# 📘 Feature Store Registration
This notebook registers the engineered sensor features table from the Delta Live Tables (DLT) pipeline
into the Databricks Feature Store for easier discoverability, governance, and reuse during model training and inference.


In [0]:
# df = spark.read.table("arao.aerodemo.sensor_features").cache()
# df.count()  # Force materialization to avoid lazy read error
# df.write.format("delta").mode("overwrite").saveAsTable("arao.aerodemo.sensor_features_table")

In [0]:
# %sql
# ALTER TABLE arao.aerodemo.sensor_features_table 
# ALTER COLUMN aircraft_id SET NOT NULL;

# ALTER TABLE arao.aerodemo.sensor_features_table 
# ALTER COLUMN timestamp SET NOT NULL;

In [0]:
# %sql
# ALTER TABLE arao.aerodemo.sensor_features_table 
# ADD CONSTRAINT sensor_features_pk 
# PRIMARY KEY (aircraft_id, timestamp);

In [0]:
# %sql
# ALTER TABLE arao.aerodemo.sensor_features
# ADD CONSTRAINT sensor_features_pk PRIMARY KEY (aircraft_id, timestamp);

In [0]:
from pyspark.sql.types import *
from pyspark.sql import functions as F

# 🧹 1. Drop the old table if it exists to avoid constraint conflicts
spark.sql("DROP TABLE IF EXISTS arao.aerodemo.sensor_features_table")

# 📥 2. Read from existing DLT materialized table
df_raw = spark.table("arao.aerodemo.sensor_features") \
    .filter("aircraft_id IS NOT NULL AND timestamp IS NOT NULL")

# 🧼 3. Clean nulls (as double safety) and cast PKs
df_clean = df_raw.withColumn("aircraft_id", F.col("aircraft_id").cast("string")) \
                 .withColumn("timestamp", F.col("timestamp").cast("string"))

# 💾 4. Save as Delta table with schema overwrite
df_clean.write.format("delta") \
    .mode("overwrite") \
    .option("overwriteSchema", "true") \
    .saveAsTable("arao.aerodemo.sensor_features_table")

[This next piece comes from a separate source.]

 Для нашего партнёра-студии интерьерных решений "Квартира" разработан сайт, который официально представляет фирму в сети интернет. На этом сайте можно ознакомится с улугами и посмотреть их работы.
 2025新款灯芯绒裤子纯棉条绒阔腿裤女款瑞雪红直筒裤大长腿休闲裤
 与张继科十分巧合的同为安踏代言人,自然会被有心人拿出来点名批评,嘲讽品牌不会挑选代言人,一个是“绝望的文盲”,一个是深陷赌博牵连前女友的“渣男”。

# 🔐 5. Enforce NOT NULL constraints
spark.sql("""
  ALTER TABLE arao.aerodemo.sensor_features_table 
  ALTER COLUMN aircraft_id SET NOT NULL
""")
spark.sql("""
  ALTER TABLE arao.aerodemo.sensor_features_table 
  ALTER COLUMN timestamp SET NOT NULL
""")

# 🛡️ 6. Add primary key constraint (required for Feature Store)
spark.sql("""
  ALTER TABLE arao.aerodemo.sensor_features_table 
  ADD CONSTRAINT sensor_features_pk 
  PRIMARY KEY (aircraft_id, timestamp)
""")

In [0]:
from databricks.feature_store import FeatureStoreClient

fs = FeatureStoreClient()

fs.create_table(
    name="arao.aerodemo.sensor_features_table",
    primary_keys=["aircraft_id", "timestamp"],
    timestamp_keys=["timestamp"],
    description="Engineered features for anomaly prediction from sensor data",
    df=spark.read.table("arao.aerodemo.sensor_features_table")
)


# 🛠️ Feature Store Registration from DLT Materialized Tables

### Why do we need these extra steps after defining DLT tables?

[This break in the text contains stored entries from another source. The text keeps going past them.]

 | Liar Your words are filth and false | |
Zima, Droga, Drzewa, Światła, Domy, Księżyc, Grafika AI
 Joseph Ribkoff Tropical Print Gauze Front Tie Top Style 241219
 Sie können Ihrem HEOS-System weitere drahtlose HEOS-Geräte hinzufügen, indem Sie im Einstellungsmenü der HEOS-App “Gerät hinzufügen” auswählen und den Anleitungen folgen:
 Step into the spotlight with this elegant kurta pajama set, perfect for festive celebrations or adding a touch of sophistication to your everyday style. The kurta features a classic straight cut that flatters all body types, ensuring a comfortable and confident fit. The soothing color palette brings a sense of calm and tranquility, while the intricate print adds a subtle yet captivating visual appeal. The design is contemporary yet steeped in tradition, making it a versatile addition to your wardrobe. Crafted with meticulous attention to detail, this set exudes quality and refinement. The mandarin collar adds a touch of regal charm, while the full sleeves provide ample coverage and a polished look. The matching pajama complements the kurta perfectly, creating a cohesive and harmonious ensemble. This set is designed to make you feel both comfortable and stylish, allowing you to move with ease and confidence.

While Delta Live Tables (`@dlt.table`) provides robust data engineering pipelines, **it does NOT persist primary key constraints** or explicit schema-level constraints like `NOT NULL` or `PRIMARY KEY` in the Delta table metadata.

This is because:
- DLT focuses on **data flow orchestration and lineage**, not detailed physical table design.
- By default, DLT outputs are stored as **materialized views** (even when called `dlt.table`), meaning they don’t expose all metadata properties directly to downstream systems.
- If you want to integrate these tables with systems like the **Databricks Feature Store**, you need:
    ✅ A fully materialized, managed Delta table  
    ✅ Explicitly defined primary keys (PKs)  
    ✅ Cleaned and consistent column types matching Feature Store expectations

### Why explicitly set `pipelines.materialize = true`?

This ensures:
- The table is **materialized on disk** (backed by a Delta table) instead of being purely a logical view.
- The DLT system handles physical storage, compaction, and optimization — making it queryable like a native table.

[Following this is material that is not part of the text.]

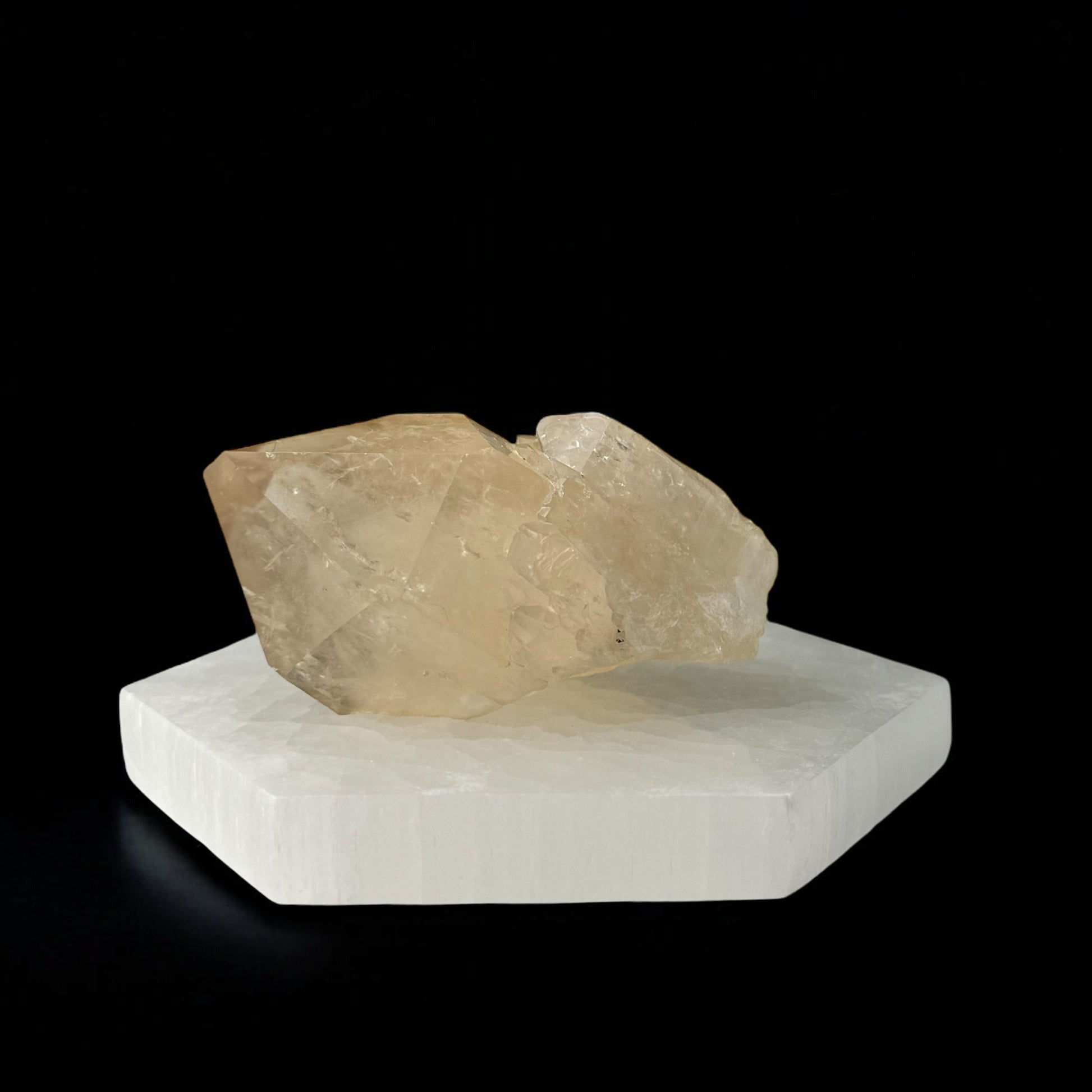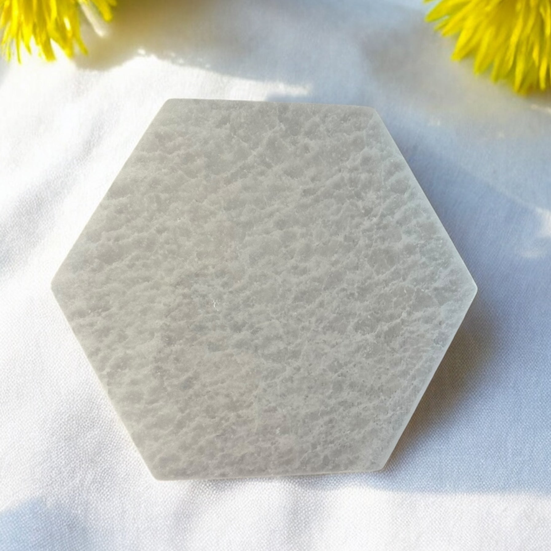 Selenite: approximately 10 cm in width and length. Weights approximately 190 g

However, even with `materialize: true`, **DLT does not persist PK constraints** in the Delta metadata.

### Why these post-DLT steps?

1️⃣ **Drop + Rewrite as Managed Table**  
We read the DLT materialized table and write it back as a clean Delta-managed table to ensure:
- Schema stability
- Proper registration in the metastore

2️⃣ **Cast PK Columns**  
We cast `aircraft_id` and `event_timestamp` to `string` to match Feature Store’s strict type requirements.

3️⃣ **Apply NOT NULL + PRIMARY KEY Constraints**  
Feature Store **requires primary key persistence** at the Delta table level, which DLT does not enforce natively.
We add:
- `ALTER COLUMN ... SET NOT NULL`  
- `ADD CONSTRAINT ... PRIMARY KEY (...)`

4️⃣ **Register in Feature Store**  
We register the cleaned, constraint-enforced table as a **Feature Store table**, enabling:
- Managed feature lookups  
- Model training and inference workflows  
- Consistent feature governance and tracking

---

✅ **Summary:**  
Even though DLT handles most of the data orchestration, for full Feature Store integration we must:
- Ensure physical table materialization  
- Enforce schema constraints  
- Register tables explicitly

This gives us the best of both worlds: DLT’s orchestration + Feature Store’s feature governance.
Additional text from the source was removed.